When you work with an SQL database in a Java application, you issue SQL statements to the database via the Java Database Connectivity (JDBC) API. Whether the SQL was written by hand and embedded in the Java code or generated on the fly by Java code, you use the JDBC API to bind arguments when preparing query parameters, executing the query, scrolling through the query result, retrieving values from the result set, and so on. These are low-level data access tasks; as application engineers, we’re more interested in the business problem that requires this data access. What we’d really like to write is code that saves and retrieves instances of our classes, relieving us of this low-level drudgery.

Because these data access tasks are often so tedious, we have to ask, are the relational data model and (especially) SQL the right choices for persistence in object-oriented applications? We answer this question unequivocally: yes! There are many reasons why SQL databases dominate the computing industry—relational database management systems are the only proven generic data management technology, and they’re almost always a requirement in Java projects.

Note that we aren’t claiming that relational technology is always the best solution. There are many data management requirements that warrant a completely different approach. For example, internet-scale distributed systems (web search engines, content distribution networks, peer-to-peer sharing, instant messaging) have to deal with exceptional transaction volumes. Many of these systems don’t require that after a data update completes, all processes see the same updated data (strong transactional consistency). Users might be happy with weak consistency; after an update, there might be a window of inconsistency before all processes see the updated data. Some scientific applications work with enormous but very specialized datasets. Such systems and their unique challenges typically require equally unique and often custom-made persistence solutions. Generic data management tools such as ACID-compliant transactional SQL databases, JDBC, and Hibernate would play only a minor role.

Relational systems at internet scale

To understand why relational systems, and the data-integrity guarantees associated with them, are difficult to scale, we recommend that you first familiarize yourself with the CAP theorem. According to this rule, a distributed system can’t be consistent, available, and tolerant against partition failures all at the same time.

A system may guarantee that all nodes will see the same data at the same time and that data read and write requests are always answered. But when a part of the system fails due to a host, network, or data center problem, you must either give up strong consistency (linearizability) or 100% availability. In practice, this means you need a strategy that detects partition failures and restores either consistency or availability to a certain degree (for example, by making some part of the system temporarily unavailable for data synchronization to occur in the background). Often it depends on the data, the user, or the operation whether strong consistency is necessary.

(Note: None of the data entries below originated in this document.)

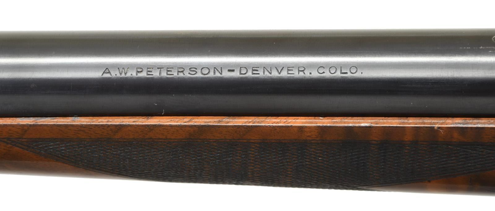 SCHUETZEN RIFLE. Cal. 32-40. S# 18203. Bbl. 28" custom measuring 1" across the muzzle. Left side of bbl. is marked "A. W. PETERSON-DENVER, COLO". Axel W. Peterson was a Swedish-born gunsmith. In 1903 he formed a partnership w/ George Schoyen in Denver. After Schoyen passed in 1916, Peterson continued making the accurate rifles he was famous for until his death at age 86 in 1946. Wind-Gauge globe front sight w/ mid range Vernier tang sight. Bbl. has 4 open holes for scope block attachment. Case colored Highwall action w/ single set trigger. Ebony tipped schnable forearm & hard rubber capped pistol grip stock of XXX walnut. Features include factory checkering & nickel finished Schuetzen buttplate. Left inside of lower tang is marked w/ assembly number "1181" followed by wood grade marking "XXX" & "SBC". Back of stock is marked w/ number "2901". Mfg. 1887. CONDITION: bbl. retains over 95% blue showing small marks. Action has 80% lightly visible case colors. Wood finish shows scattered scratches & marks. Bore retains strong rifling. Properly functioning set trigger. PROVENANCE STATEMENT: From the Harold Prucha Collection". (01-23271/DS). ANTIQUE. $3500-5000.
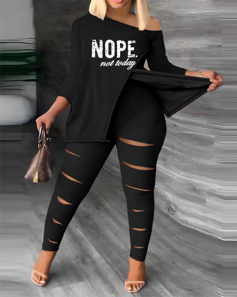 Plus Size Nope Not Today Split Hem Top & Pants Set
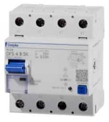 Wyłącznik różnicowoprądowy 3 fazowy w typie B reaguje na prądy stałe gładkie, przemienne sinusoidalne, prądy pulsujące oraz prądy odkształcone o częstotliwościach do 100 kHz. Charakterystyka SK zapewnia nieczułość na prądy o wysokich częstotliwościach gwarantując bezprzerwowe zasilanie bez narażenia organizmu ludzkiego w razie porażenia na wystąpienie efektu migotania komór serca. Stosowany w instalacja gdzie mogą występować prądy upływowe odkształcone wraz ze składową stałą np. falowniki. Ze względu na charakterystykę SK urządzenie jest dedykowane do instalacji przemysłowych. Reaguje na składową stałą w pełnym zakresie. Posiada człon krótkozwłoczny (KV) dzięki czemu zapewnia nieczułość na udary prądowe o czasie trwania krótszym niż 10 ms. Wytrzymałość udarowa – 3 kA Przewód neutralny po lewej stronie Sygnalizacja wyzwolenia wyłącznika (dźwignia w położeniu środkowym) Wytrzymałość zwarciowa – 10 kA
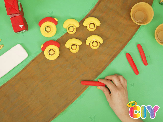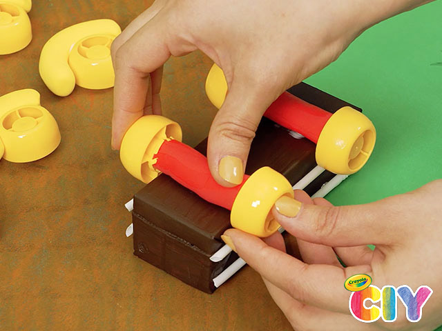 Roll yellow Crayola Model Magic into a thick cylinder and cut into two equal pieces.
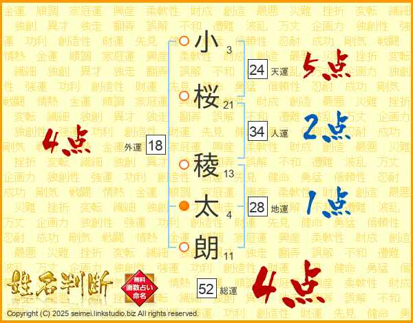 小(3画)桜(21画) 稜(13画)太(4画)朗(11画)
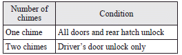 Each time the door and rear hatch unlock function is set, a chime will sound to tell you the condition of the door and rear hatch unlock function.

For relational DBMSs designed to scale easily, have a look at VoltDB (www.voltdb.com) and NuoDB (www.nuodb.com). Another interesting read is how Google scales its most important database, for the advertising business, and why it’s relational/SQL, in “F1 - The Fault-Tolerant Distributed RDBMS Supporting Google’s Ad Business” (Shute, 2012).

In this book, we’ll think of the problems of data storage and sharing in the context of an object-oriented application that uses a domain model. Instead of directly working with the rows and columns of a java.sql.ResultSet, the business logic of an application interacts with the application-specific object-oriented domain model. If the SQL database schema of an online auction system has ITEM and BID tables, for example, the Java application defines Item and Bid classes. Instead of reading and writing the value of a particular row and column with the ResultSet API, the application loads and stores instances of Item and Bid classes.

At runtime, the application therefore operates with instances of these classes. Each instance of a Bid has a reference to an auction Item, and each Item may have a collection of references to Bid instances. The business logic isn’t executed in the database (as an SQL stored procedure); it’s implemented in Java and executed in the application tier. This allows business logic to use sophisticated object-oriented concepts such as inheritance and polymorphism. For example, we could use well-known design patterns such as Strategy, Mediator, and Composite (see Design Patterns: Elements of Reusable Object-Oriented Software [Gamma, 1995]), all of which depend on polymorphic method calls.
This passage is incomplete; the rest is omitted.